Friday, November 27, 2009

Marathon Cooking and Eating


This year, we did more marathon eating, but we did manage to make a few dishes.

This is all the fixings for a traditional sticky rice stuffing (nuo mi fan) that my family makes in addition to bread stuffing. If you are lucky enough score an invitation to a Cantonese banquet, one fancy banquet food is a deboned, whole chicken stuffed with nuo mi fan, and then deep fried. In my family, when we make this at home, we skip the whole stuffing of the chicken, or turkey, and simply serve the nuo mi fan alongside the roasted poultry. I've turned my in-laws onto this traditional food, too, and they request "sticky rice" at the holiday table now.

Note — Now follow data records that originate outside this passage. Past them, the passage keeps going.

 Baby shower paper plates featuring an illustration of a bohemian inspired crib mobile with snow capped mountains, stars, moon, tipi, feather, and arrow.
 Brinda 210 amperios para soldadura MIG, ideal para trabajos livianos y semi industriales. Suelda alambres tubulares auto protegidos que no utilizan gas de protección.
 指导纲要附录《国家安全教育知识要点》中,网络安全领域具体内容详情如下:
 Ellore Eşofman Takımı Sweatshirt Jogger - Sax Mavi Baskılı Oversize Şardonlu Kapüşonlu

I also made a couple loaves of whole wheat bread, sans starter (it died!), but I didn't bring them to the dinner table because they turned out like hockey pucks. I could've sliced it up and said it was German bread, but I suspected that there would be plenty of other carbs for us to enjoy. We speedily made some coconut pumpkin pie ice cream in place of the bread. No one seemed to mind the substitution, but homemade ice cream does have a way of covering a multitude of cooking errors.

I don't think I've posted this yet: the boy's first sweater. He knit the parts on the knitting machine, and it took me about twice as long to seam the sucker up. And, apparently, it takes me a million times longer to post the finished product. He is almost done with another sweater, but I told him in no uncertain terms that I am not seaming it again, so this one will be seamed by sewing machine. He sealed the deal (of me not seaming) when he said that it would only take him 10 minutes to seam up his sweater. Fine. Knock yourself out, kiddo.

Monday, November 9, 2009

A Hiss and a Purr

Hiss:

Whole wheat tortillas? FAIL! I milled the flour too course because attempts at a fine, pastry flour resulted in a blown electrical circuit. Next time, I need to supplement the whole wheat flour with some high gluten flour.

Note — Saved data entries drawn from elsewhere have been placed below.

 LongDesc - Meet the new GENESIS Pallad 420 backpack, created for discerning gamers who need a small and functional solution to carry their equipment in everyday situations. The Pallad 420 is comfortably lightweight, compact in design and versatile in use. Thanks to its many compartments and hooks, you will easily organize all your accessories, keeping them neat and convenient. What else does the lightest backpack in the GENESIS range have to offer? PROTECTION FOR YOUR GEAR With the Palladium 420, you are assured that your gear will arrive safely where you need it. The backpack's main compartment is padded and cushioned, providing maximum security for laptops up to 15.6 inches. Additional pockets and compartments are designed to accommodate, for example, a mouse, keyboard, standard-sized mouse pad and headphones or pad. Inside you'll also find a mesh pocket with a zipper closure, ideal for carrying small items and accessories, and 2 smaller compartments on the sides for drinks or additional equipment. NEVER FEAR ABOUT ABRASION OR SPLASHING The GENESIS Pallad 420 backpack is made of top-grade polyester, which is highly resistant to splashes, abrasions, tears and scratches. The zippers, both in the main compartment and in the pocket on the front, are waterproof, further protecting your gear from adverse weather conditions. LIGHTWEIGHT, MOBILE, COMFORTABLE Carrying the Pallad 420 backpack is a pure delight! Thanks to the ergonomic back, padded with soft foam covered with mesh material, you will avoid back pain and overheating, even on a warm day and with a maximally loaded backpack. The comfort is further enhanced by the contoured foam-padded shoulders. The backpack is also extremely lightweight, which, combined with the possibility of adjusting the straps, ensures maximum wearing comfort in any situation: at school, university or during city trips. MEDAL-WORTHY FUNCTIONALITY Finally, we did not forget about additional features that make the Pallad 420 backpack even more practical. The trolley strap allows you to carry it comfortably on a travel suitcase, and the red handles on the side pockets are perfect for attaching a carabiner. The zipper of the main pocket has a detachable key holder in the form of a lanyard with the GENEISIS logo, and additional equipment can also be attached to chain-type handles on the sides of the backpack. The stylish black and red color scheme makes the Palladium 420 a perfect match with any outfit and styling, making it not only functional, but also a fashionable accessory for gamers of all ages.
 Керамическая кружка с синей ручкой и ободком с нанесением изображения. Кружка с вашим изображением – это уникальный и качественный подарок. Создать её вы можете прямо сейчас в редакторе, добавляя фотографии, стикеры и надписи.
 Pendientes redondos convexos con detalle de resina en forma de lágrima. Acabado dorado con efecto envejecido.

It's a shame that these were so thick and dry, because I had freshly rendered lard that went into them. The lard came from the fat scraps from hunk of pork butt cut into chunks for chile verde, because when I put the chile verde in the oven to stew, I threw a cast iron skillet full of the fat scraps in there as well so the fat was rendering alongside the meat stewing.

Purr:

Greaseball is allowed on the couch, but not Mingus. The only reason he got away with it was because these two were being so stinking cute. It's a rare moment when the two brothers snuggle up together.

Saturday, November 7, 2009

Forget the wine and the beer

I have Straus eggnog and Pumpkin Spice Silk! If these two beverages were to go head to head in a steel cage death match, the eggnog would devour the soy milk. It's not that the soy milk is bad, but it cannot compete with the sinfully good Straus milk.

Both were acquired at Berkeley Bowl West.

Wednesday, November 4, 2009

A Slouch for Fall

A bit of stash busting happened this weekend, along with a bit of Mingus snuggling. I knit up another Slouch for All Seasons (.pdf link) for an old friend who visited us this weekend. She picked out the yarn on Halloween, and I blocked it and snapped a quick photo before she left today.

I used about 3/4 of a skein of Cascade 220, and it was knit up on size 5 needles for the band, and size 7 needles for the body. Other than those changes, no other modifications were made to the pattern.

Colorway and dye lot information are long gone. I probably recycled the ball band in one of my purging fits, but no matter. This yarn was meant to be something for her.